冬樹のクラスでは、いじめが行われている。
いつもは見て見ぬふりをしていた冬樹だったが、
ある時、行動を起こす。


保護

『 そんなに罪なことをしたんでしょうか?』

仕事帰りに早川満雄がコンビニに寄ると、
びしょ濡れになっていた、ポニーテールでセーラー服姿の彼女に出会う。

「大丈夫ーー?」

躊躇したものの、満雄はその女性に声をかけた。


完黙

『 俺はもう、自分のことはどうでもーー』

繁華街の裏道でクスリを売る・大野泰三。

誰かからのタレコミがあったからか、泰三は麻薬取締官に逮捕される。

警察署では苛烈な取り調べを受けたものの、供給元について泰三は完全黙秘を貫いた。

その結果、前科があった泰三は懲役二年の実刑判決を受ける。


ストーカー

『 何で警察なんか呼ぶんだよ 』

花村美里が血みどろの手を洗っていると、突然彼が自宅を訪ねてきた。

何とか追い返そうとしたが、彼は美里の思惑には乗らず
自宅に上がり込んでしまう。

何としても、洗面所に行かせるわけにはいかない・・・

美里の決意が固まった。


罪の相続

『 お前だけじゃない、お前の息子にも罪がある 』

スタンガンで襲われた曽我部邦和が意識を取り戻すと、
廃工場内で椅子に縛り付けられていた。

しばらくした後、邦和の前に男が現れた。

「お前は罪を贖わねばならない」

そう言った男は、一週間前に水死体で発見された
邦和の息子を殺した男だった。


死は朝、羽ばたく

『 刑務所に戻して、刑務所に!』

奥村健三は、札幌刑務所の門を出ると建物に向かって、
目を閉じ・数秒間頭を下げた。

目を開けた後、これからどうするべきか考えていると、

「ーーおっさん、おっさん」

と背後から三人の若者に声をかけられた。


各編とも、題名と私の簡単なあらすじによって、ある程度のイメージが湧いたと思います。
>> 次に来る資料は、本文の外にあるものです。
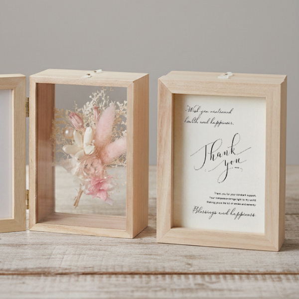 内容 本体(幅10.5×奥行8.5×高さ14.5cm)×1 材質 ドライフラワー、プリザーブドフラワー、桐、アクリル、PET、紙 重量 140g お届けについて
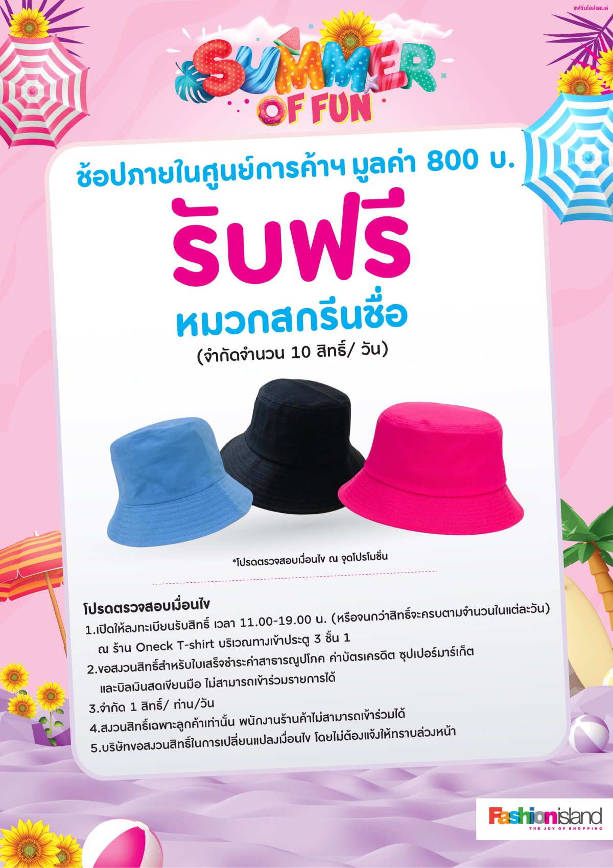 - ช้อปภายในศูนย์การค้าฯ มูลค่า 800 บาท รับฟรี หมวกสกรีนชื่อสุดคิ้วท์

しかし、下村敦史さんの作品らしく、(恐らくですが)多くの方が初期設定で抱いたイメージとは全く違った展開になります。

普段の生活には、社会正義と言われることが多く存在し、ほとんどの方が・ある程度それに縛られて生活しなくてはいけません。

しかし、一般的には多くの方が正しいと思っている社会正義も、その視点を変え・その当事者の性質を変えると、本当にそれは正しいことなのか、と考えさせられた短編集です。


個人的には、罪の相続が刺さりました。

私の本業にも「相続」ということが関係してきますが、

良いことだけではなく、悪いことも相続され、
親から子だけではなく、子から親へも相続される。

相続されるもの・され方には様々なものがある、ということを気づかされた作品です。

普段の生活を送っているのであれば、中々遭遇することが無いシチュエーションとその結果について。

固定観念に縛られている皆さんの頭を、少し柔らかくしてくれる本作。

是非ご一読ください。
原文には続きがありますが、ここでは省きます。